### Description of the task
Output every line below exactly, please, omitting pictures.

╭─ Dataset excerpt

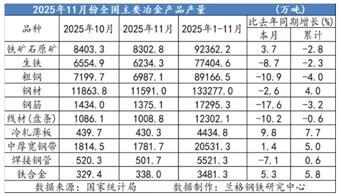 表1 2025年1-11月份钢铁行业产品产量及增长情况
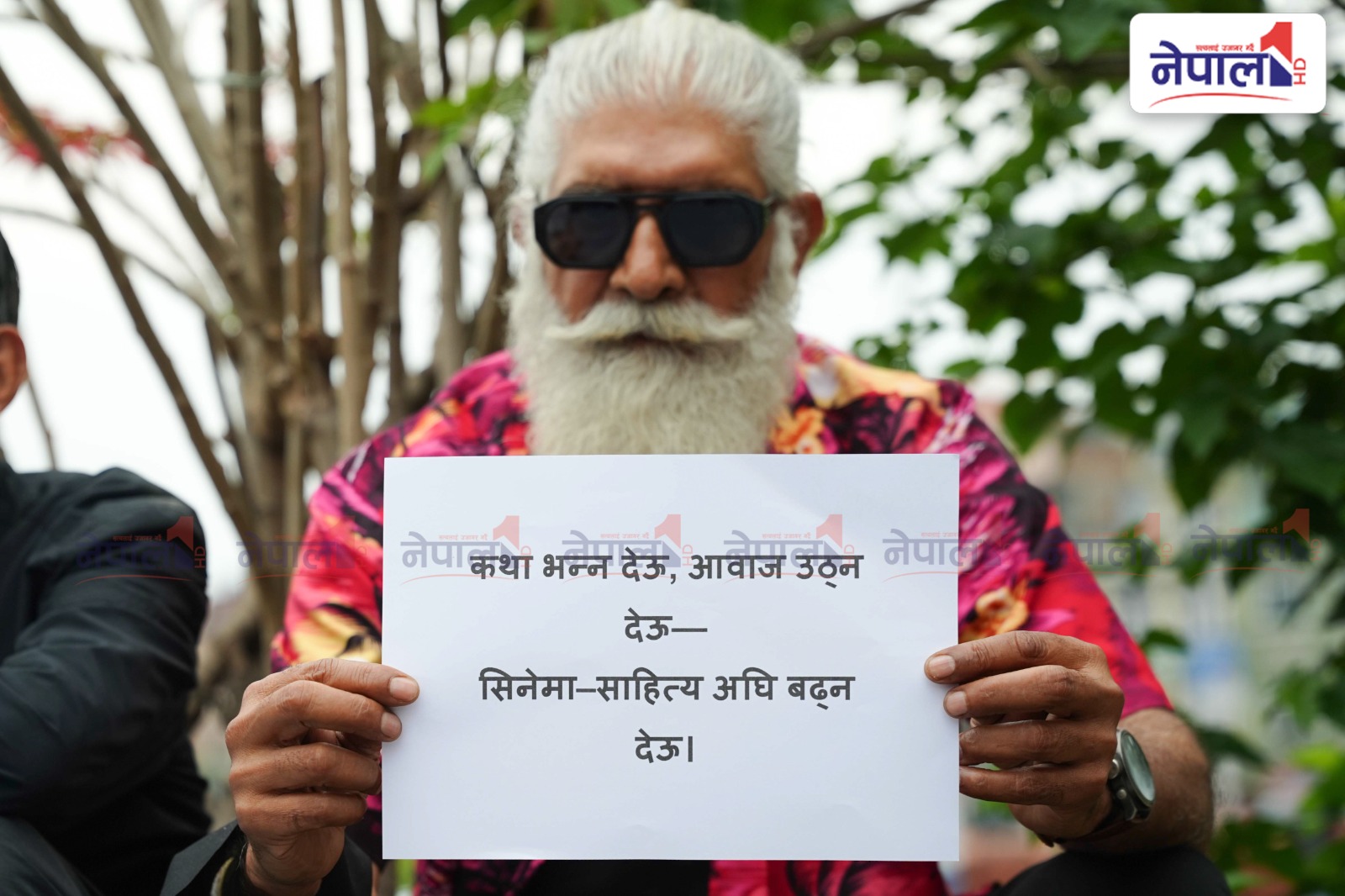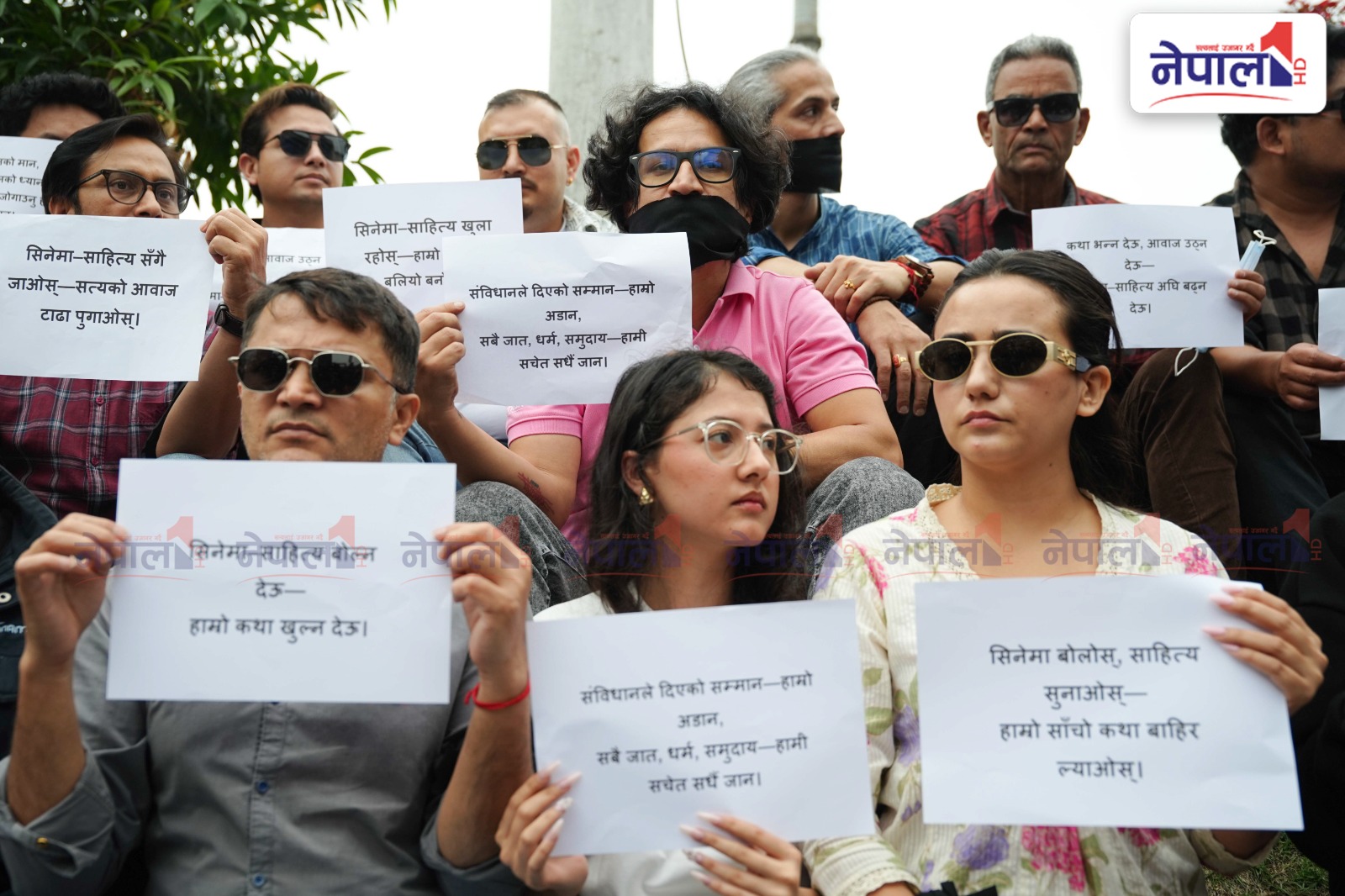 काठमाडौं । कला, फिल्म तथा साहित्य क्षेत्रमा अभिव्यक्ति स्वतन्त्रता संरक्षणको माग राख्दै कलाकार तथा सिर्जनशील समुदायले आज शान्तिपूर्ण विरोध कार्यक्रम सम्पन्न गरेका छन्।
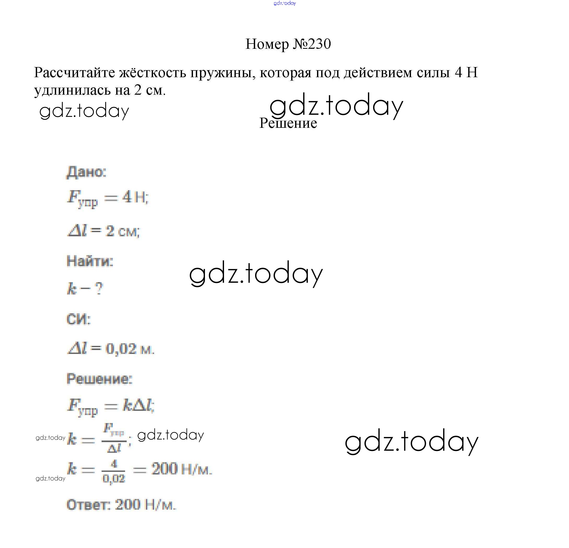 На страницах сайта gdz.today вы найдете учебный и вспомогательный материал, направленный на улучшения знаний школьной программы. ГДЗ - онлайн мир знаний Решение к заданиям 7 класс 230 Сборнику вопросов и задач по Физике для 7-9 класса Марон, Позойский Дрофа Вертикаль 2013
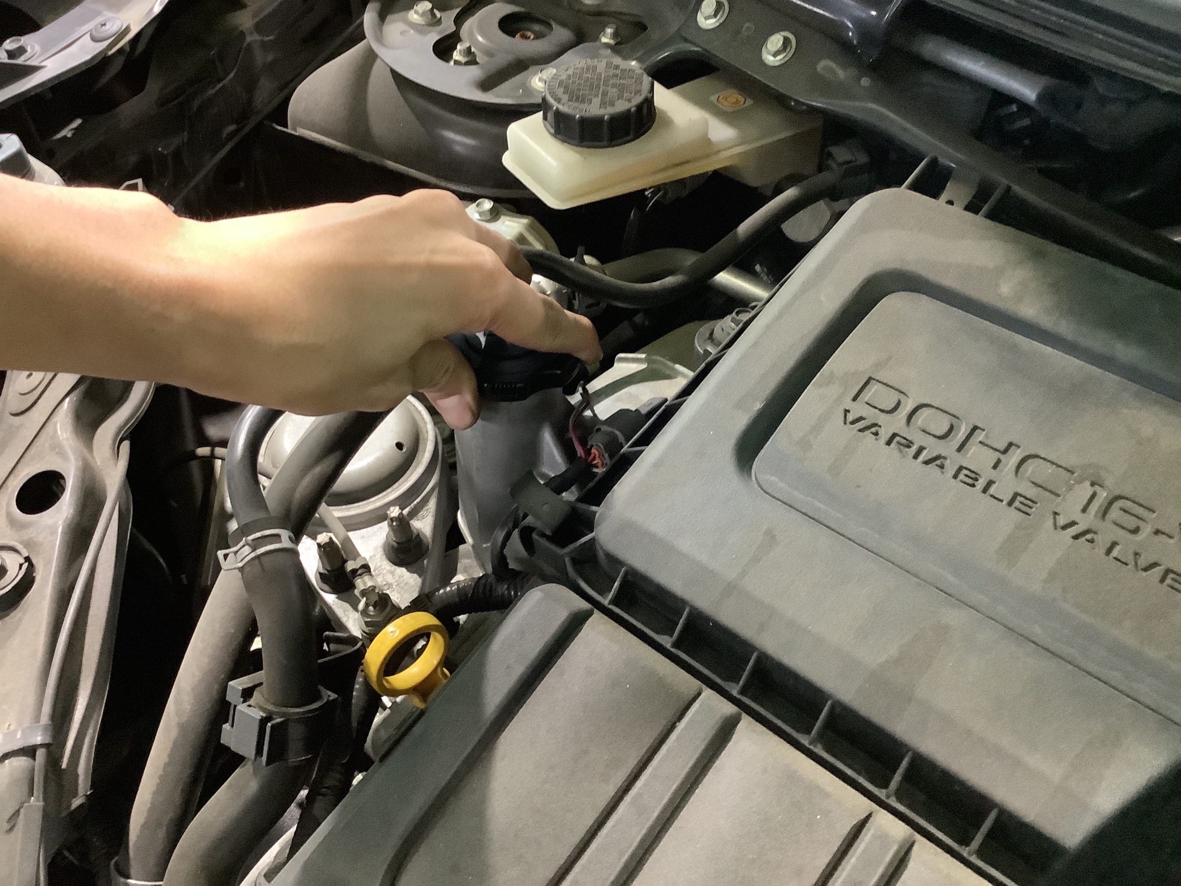 給油口のキャップ(オイルフィラーキャップ)の締め付け確認を行なって終了です。

╰─

### Task output
 表1 2025年1-11月份钢铁行业产品产量及增长情况
 काठमाडौं । कला, फिल्म तथा साहित्य क्षेत्रमा अभिव्यक्ति स्वतन्त्रता संरक्षणको माग राख्दै कलाकार तथा सिर्जनशील समुदायले आज शान्तिपूर्ण विरोध कार्यक्रम सम्पन्न गरेका छन्।
 На страницах сайта gdz.today вы найдете учебный и вспомогательный материал, направленный на улучшения знаний школьной программы. ГДЗ - онлайн мир знаний Решение к заданиям 7 класс 230 Сборнику вопросов и задач по Физике для 7-9 класса Марон, Позойский Дрофа Вертикаль 2013
 給油口のキャップ(オイルフィラーキャップ)の締め付け確認を行なって終了です。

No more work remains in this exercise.